Step-by-Step Calculation

Let the linear mass density of the necklace be $\lambda$ (mass per unit length).

1. Coordinate choice
   $\theta = 0$ at point $P$ (rightmost point, tangent is vertical downward). Positive $\theta$ increases counter-clockwise; the rope wraps to $\theta = 2\pi$ and returns to $P$.

2. Tangential equilibrium of a small element
   A small arc $R\,d\theta$ experiences a weight $\lambda g R\,d\theta$.
   Tangential component: $\lambda g R\sin\theta\,d\theta$.
   Hence
   $T(\theta + d\theta) - T(\theta) = \lambda g R \sin\theta\,d\theta.$

3. Integrate the differential relation
   $\frac{dT}{d\theta} = \lambda g R \sin\theta \;\Longrightarrow\; T(\theta) = T_0 + \lambda g R (1 - \cos\theta).$ Here $T_0 \equiv T(0)$ is the tension at point $P$ where the chain meets the hanging end.
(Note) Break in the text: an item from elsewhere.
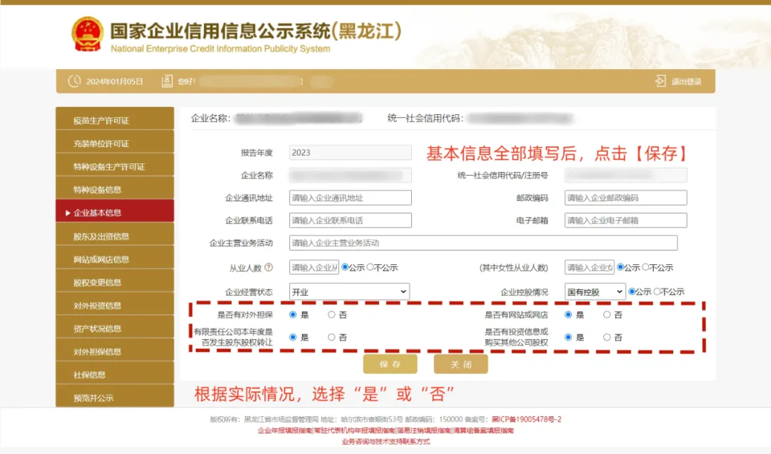 4-1、【企业基本信息】页面,如果有对外担保、网站或网点、股东股权转让、有投资信息或购买其他公司股权,就点 “是”字前的圆点,如果没有就点“否”字前的圆点。基本信息全部填写后点击“保存”。

4. Normal (radial) equilibrium and contact condition
   For the element to stay on the surface, the normal reaction $N$ must satisfy
   $N = T(\theta) - \lambda g R \cos\theta \ge 0.$ Substituting $T(\theta)$ gives

   = T_0 - \lambda g R \cos\theta.$$ The worst (largest $\cos\theta$) occurs at $\theta = 0$ (or $2\pi$): $$T_0 \ge \lambda g R.$$

5. Relate $T_0$ to the hanging length
   The hanging part is vertical; its tension at the top is just its own weight:
   $T_0 = \lambda g L.$

6. Minimum length for full contact
   Combining the two results:
   $\lambda g L = \lambda g R \;\Longrightarrow\; \boxed{L = R}.$

So the free end must be as long as the cylinder’s radius.